(DATA FOR REVIEW)
%%

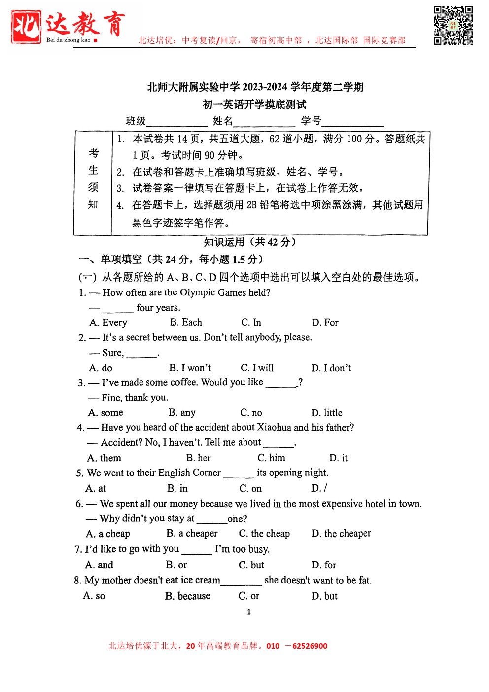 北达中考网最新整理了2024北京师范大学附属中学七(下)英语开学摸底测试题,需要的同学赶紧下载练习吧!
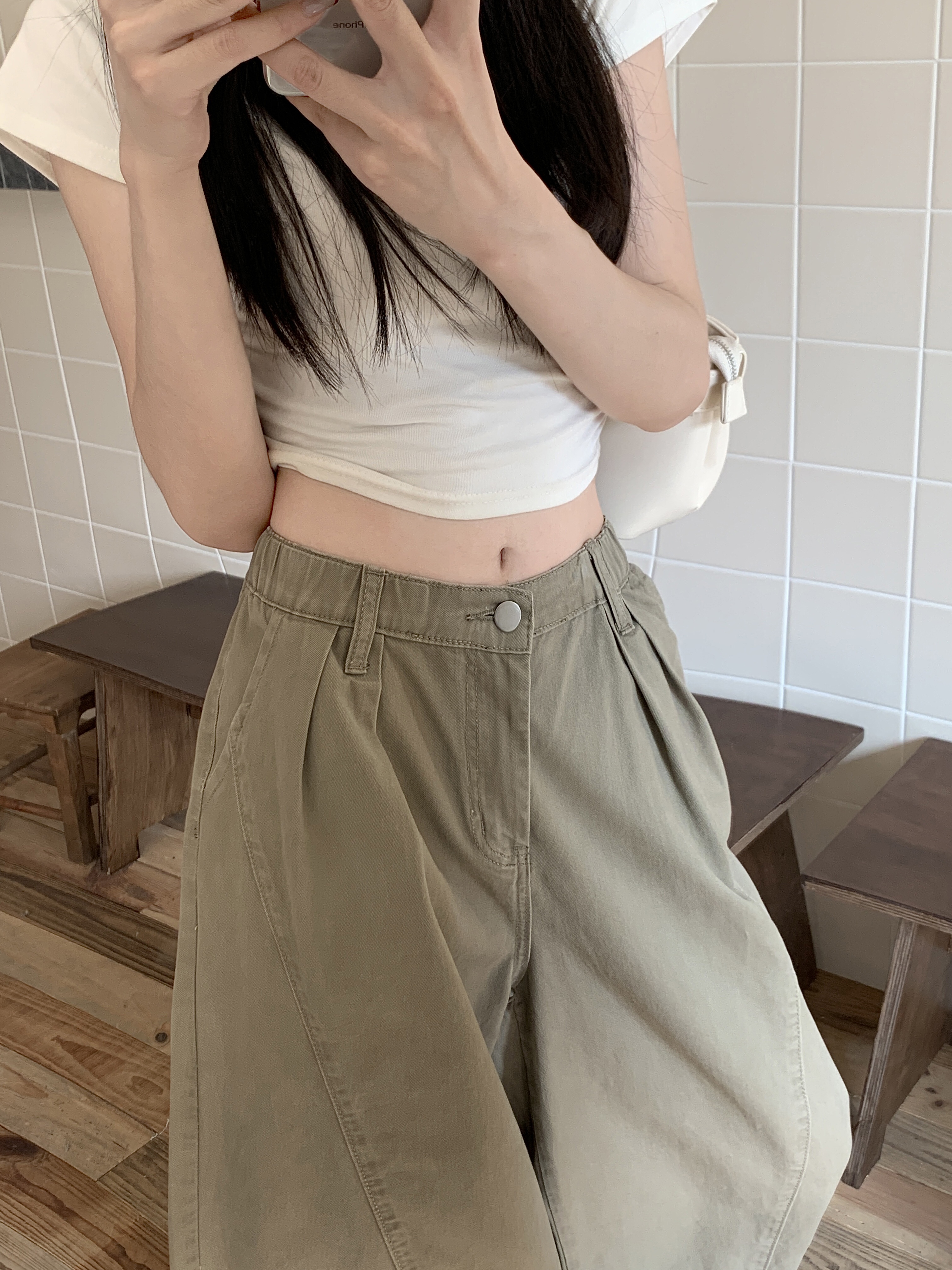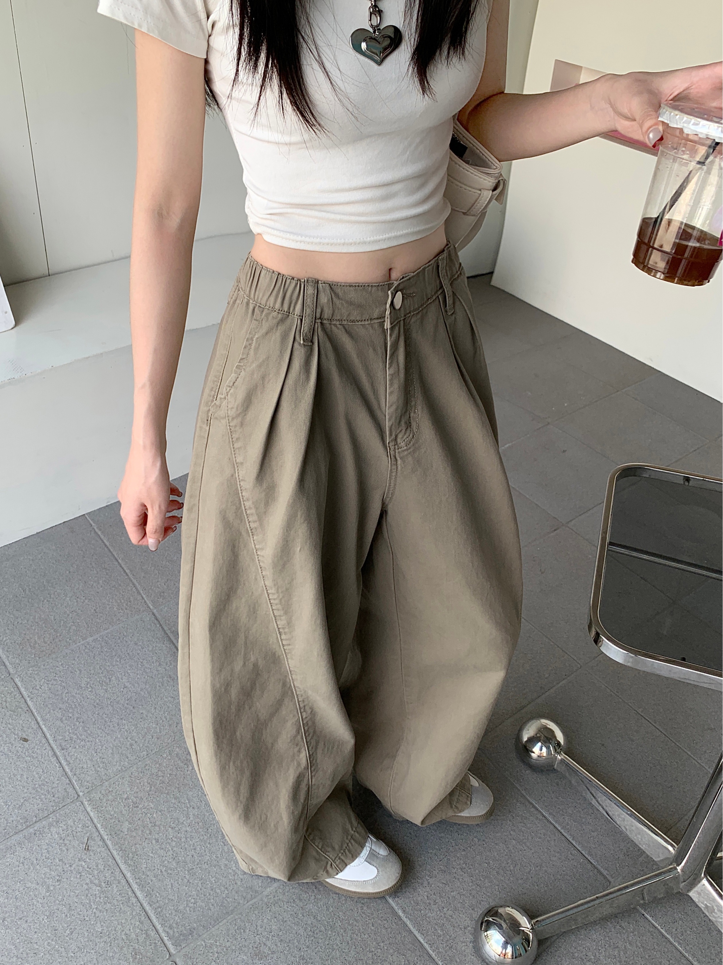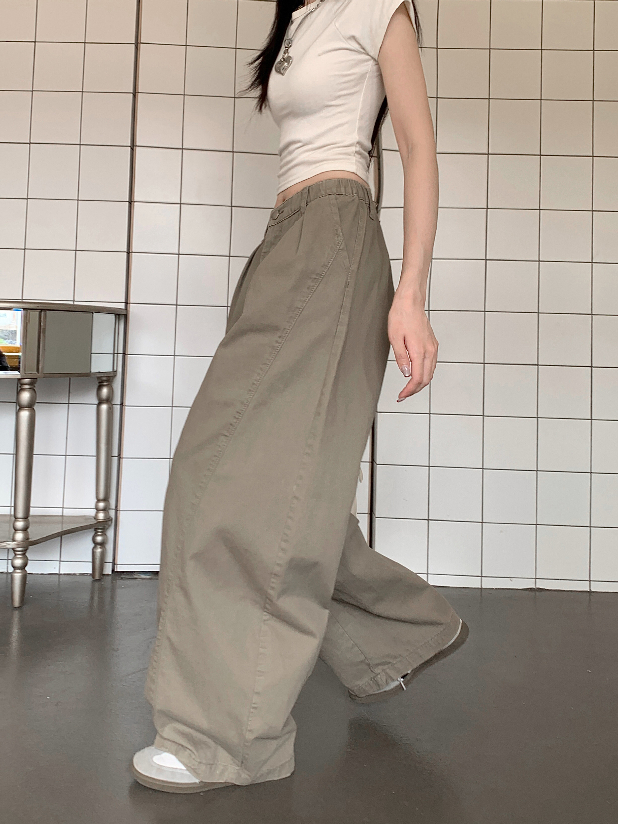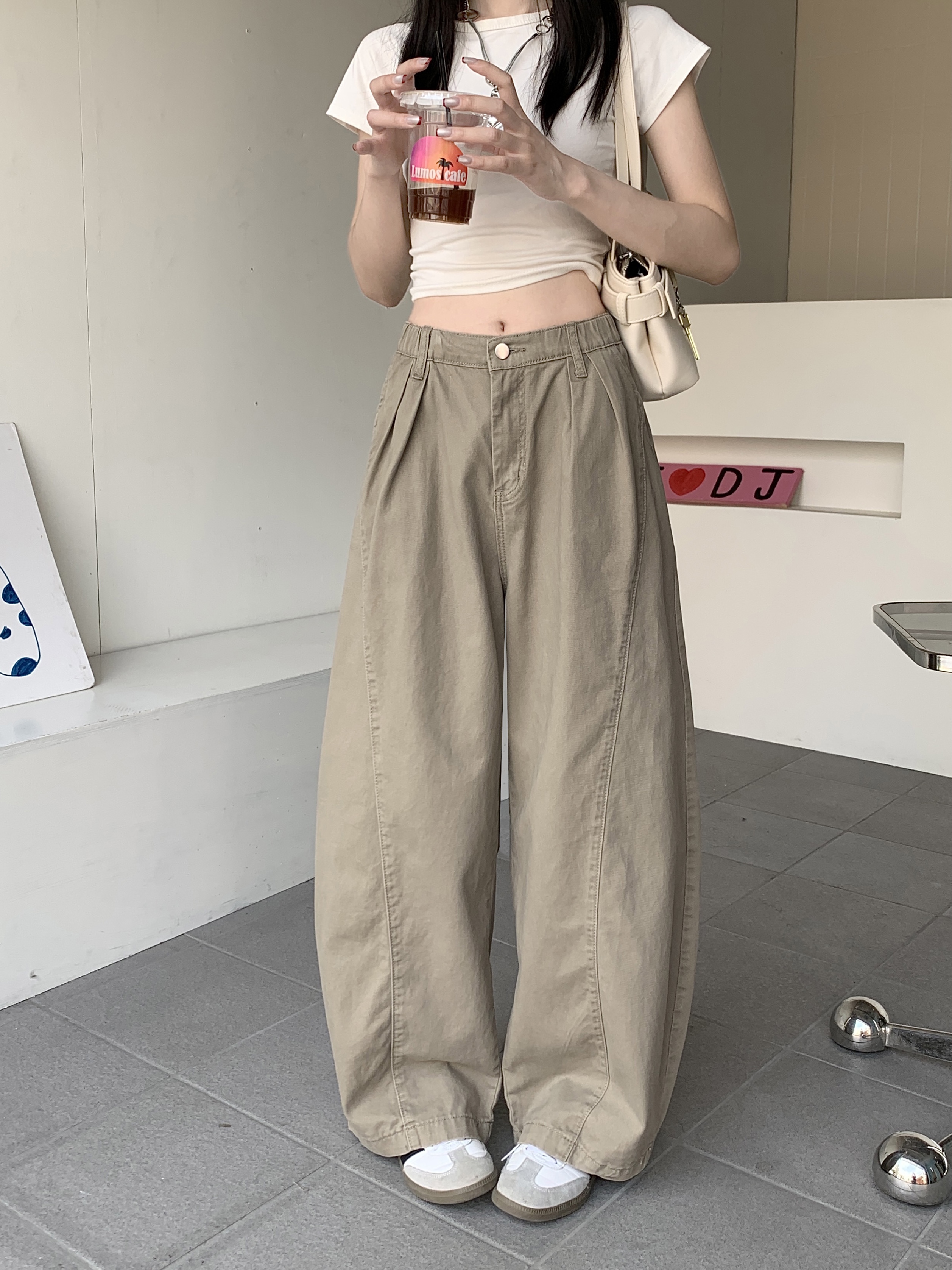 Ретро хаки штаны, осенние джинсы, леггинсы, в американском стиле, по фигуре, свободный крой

%%
%%

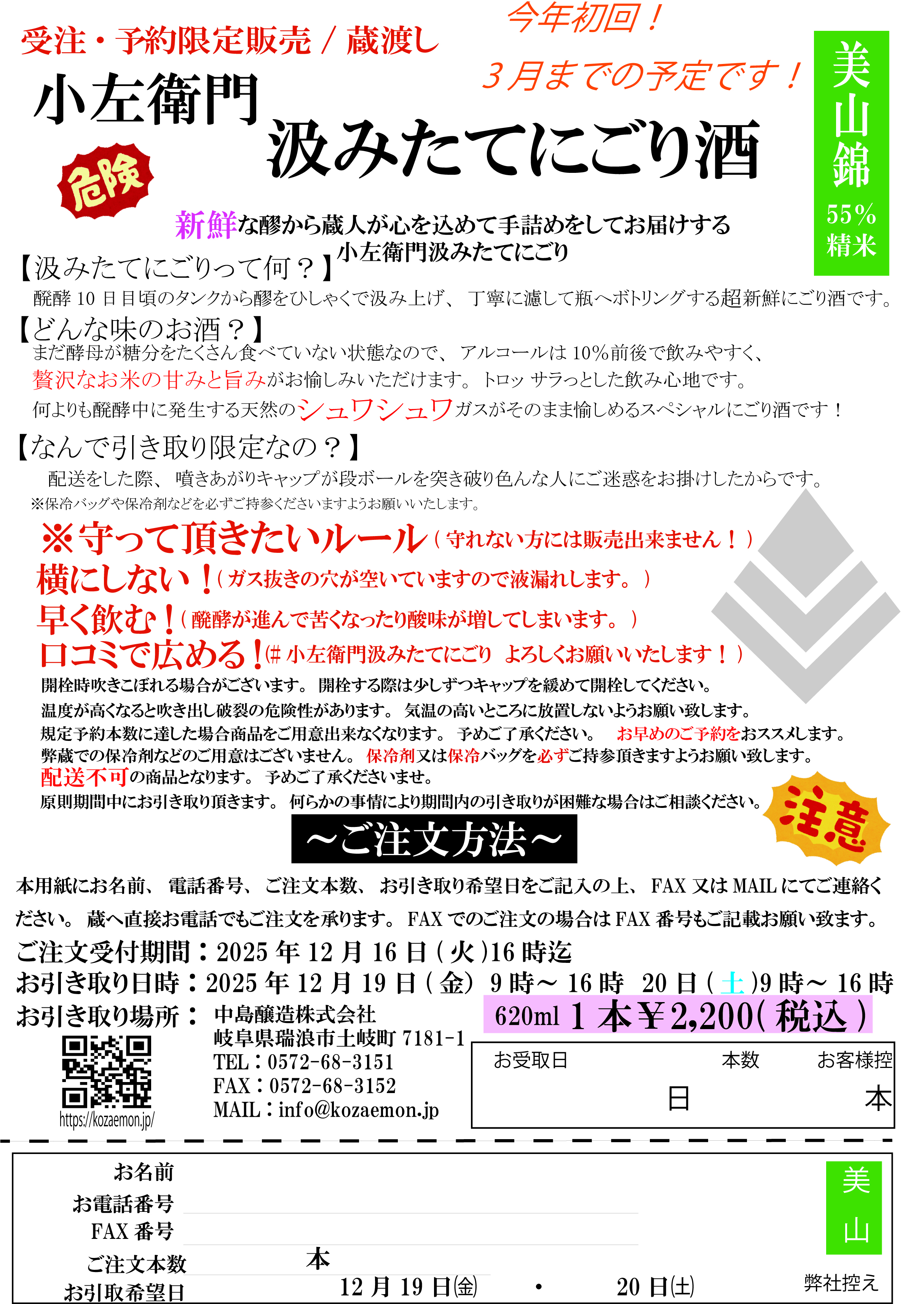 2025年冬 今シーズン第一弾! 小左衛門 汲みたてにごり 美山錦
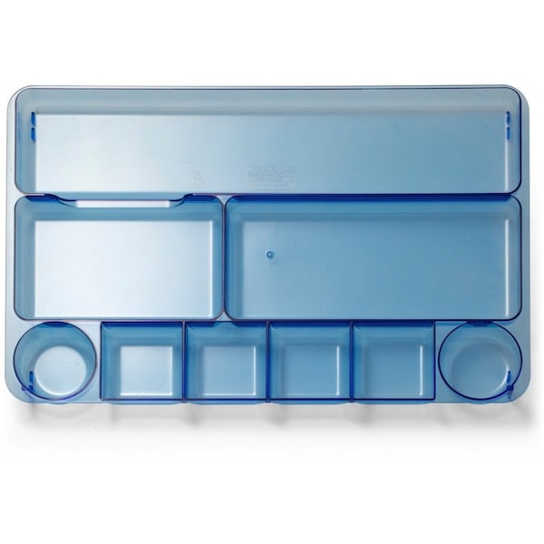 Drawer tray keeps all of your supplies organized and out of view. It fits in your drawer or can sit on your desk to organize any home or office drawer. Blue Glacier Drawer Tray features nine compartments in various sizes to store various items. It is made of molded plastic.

%%

(WHAT THIS TASK INVOLVES) Reproduce, exactly and only, the lines of the records above starting at the line with "2025年冬 今シーズン第一弾! 小左衛門 汲みたてにごり 美山錦" and ending at the line with "Drawer tray keeps", both included. Leave every picture out.

(EXPECTED ANSWER)
 2025年冬 今シーズン第一弾! 小左衛門 汲みたてにごり 美山錦
 Drawer tray keeps all of your supplies organized and out of view. It fits in your drawer or can sit on your desk to organize any home or office drawer. Blue Glacier Drawer Tray features nine compartments in various sizes to store various items. It is made of molded plastic.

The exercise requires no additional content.